= Marc Sorenson =

American academic

Dr. Marc Sorenson is a doctor of education with a background in health and fitness. He graduated from Brigham Young University in 1973. He and his wife, Vicki, founded and developed National Institute of Fitness in 1974. Dr. Sorenson and Vicki sold the resort to Franklin Quest (now Franklin Covey) corporation in 1994. They are currently directors of another health resort called National Institute of Health and Fitness (NIHF) in Midway, Utah.

Dr. Sorenson has published a scientific paper in the journal Dermatoendocrinology, on Vitamin D and erectile dysfunction (ED), theorizing that lack of vitamin D or sunlight could be a contributor to ED. He was also co-author of a scientific paper on vitamin D and athletics, published in Science and Medicine in Exercise and Sports, and coauthored another paper in the Journal of Sexual Medicine regarding ED, chronic periodontitis and vitamin D.

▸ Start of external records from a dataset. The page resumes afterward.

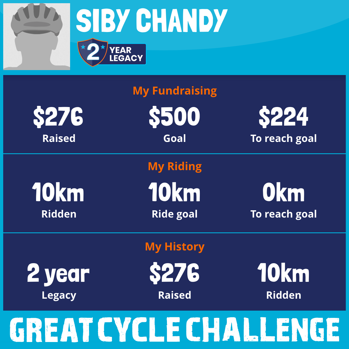 10 km Ridden$276 Raised2026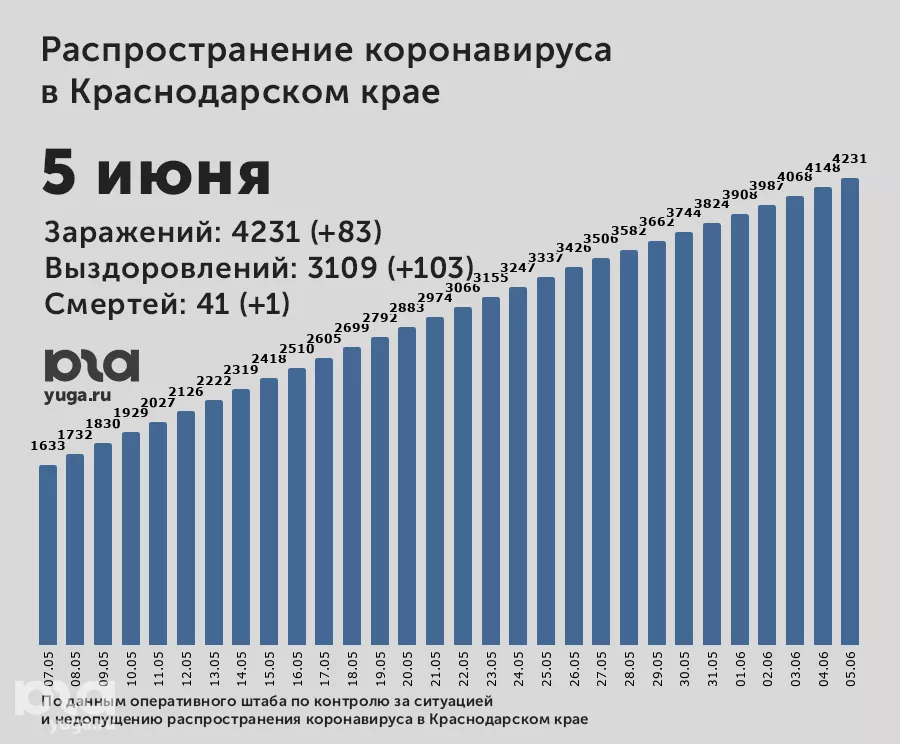 В Краснодарском крае к 5 июня количество выявленных случаев COVID-19 увеличилось до 4 тыс. 231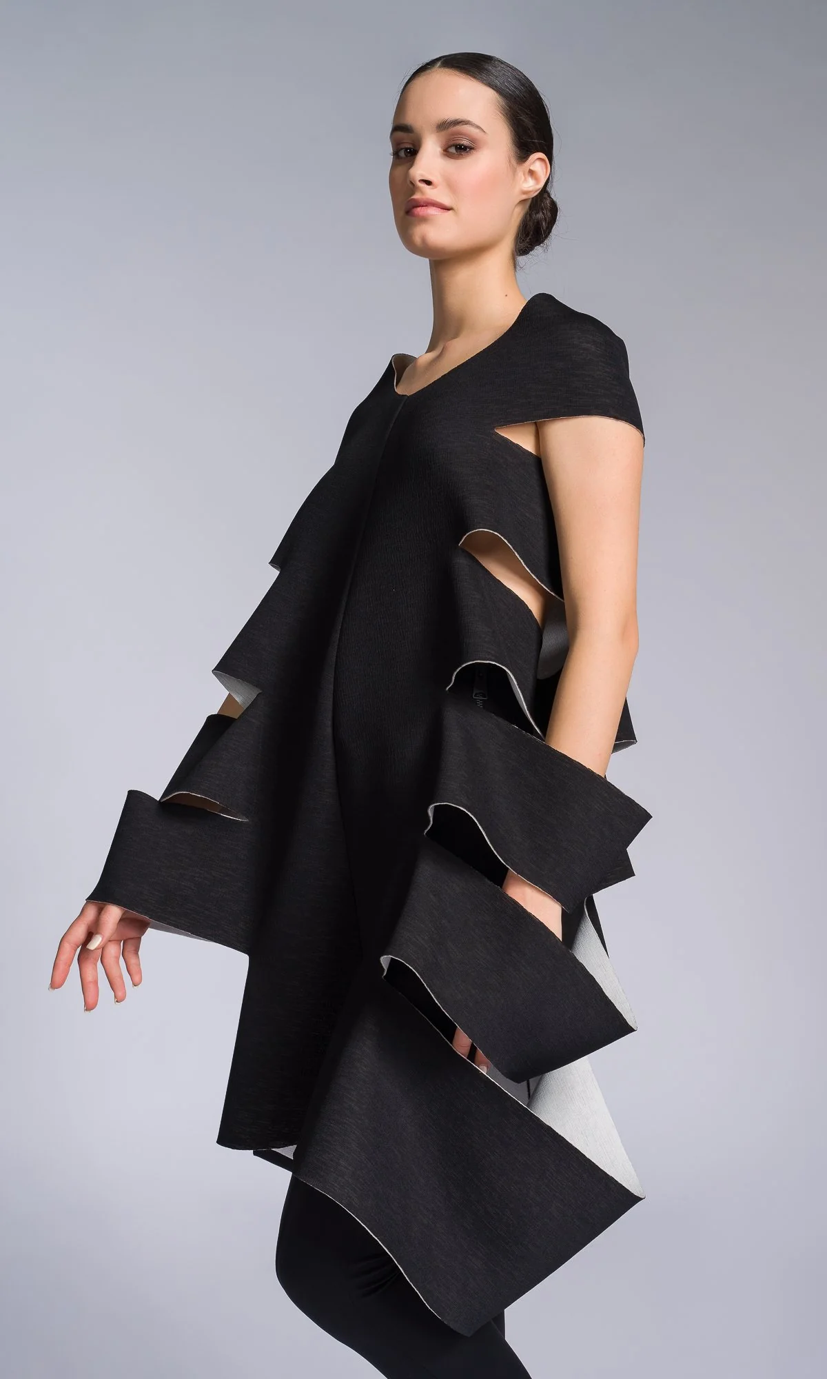 An original neoprene top with many side cutouts that forms an interesting trapeze silhouette. A perfect fit for every body type. Its design makes it easy to pair with various long or short bottoms and accessories.

His book Megahealth was a selection of the Literary Guild, Doubleday Book Club and Doubleday Health Book Club. He has done meticulous and extensive research into hundreds of published papers on sunlight, vitamin D and health in order to write his current book, Vitamin D3 and Solar Power. The book has also been published in both the Czech Republic and Israel. He has written several other books, including an English vocabulary builder, “I Want to have words with you!”

He was also named a founding director of the Breast Cancer Natural Prevention Foundation (BCNPF).